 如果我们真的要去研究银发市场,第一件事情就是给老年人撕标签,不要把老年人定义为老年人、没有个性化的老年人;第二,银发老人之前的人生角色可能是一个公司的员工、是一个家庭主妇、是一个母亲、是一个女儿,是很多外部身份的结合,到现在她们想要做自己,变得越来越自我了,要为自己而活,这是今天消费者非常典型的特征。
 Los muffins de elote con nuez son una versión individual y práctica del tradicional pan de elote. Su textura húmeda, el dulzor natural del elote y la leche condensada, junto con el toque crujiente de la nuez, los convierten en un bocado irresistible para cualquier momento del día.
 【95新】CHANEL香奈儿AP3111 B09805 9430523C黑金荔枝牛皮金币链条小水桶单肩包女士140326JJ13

__________________________________________________

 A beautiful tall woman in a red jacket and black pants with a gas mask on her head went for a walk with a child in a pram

__________________________________________________

* Work item:
What you give back should be only the lines of the records above, starting at the line with "如果我们真的要去研究银发市场" and ending at the line with "Los muffins de", restated word for word.

* Output for this task:
 如果我们真的要去研究银发市场,第一件事情就是给老年人撕标签,不要把老年人定义为老年人、没有个性化的老年人;第二,银发老人之前的人生角色可能是一个公司的员工、是一个家庭主妇、是一个母亲、是一个女儿,是很多外部身份的结合,到现在她们想要做自己,变得越来越自我了,要为自己而活,这是今天消费者非常典型的特征。
 Los muffins de elote con nuez son una versión individual y práctica del tradicional pan de elote. Su textura húmeda, el dulzor natural del elote y la leche condensada, junto con el toque crujiente de la nuez, los convierten en un bocado irresistible para cualquier momento del día.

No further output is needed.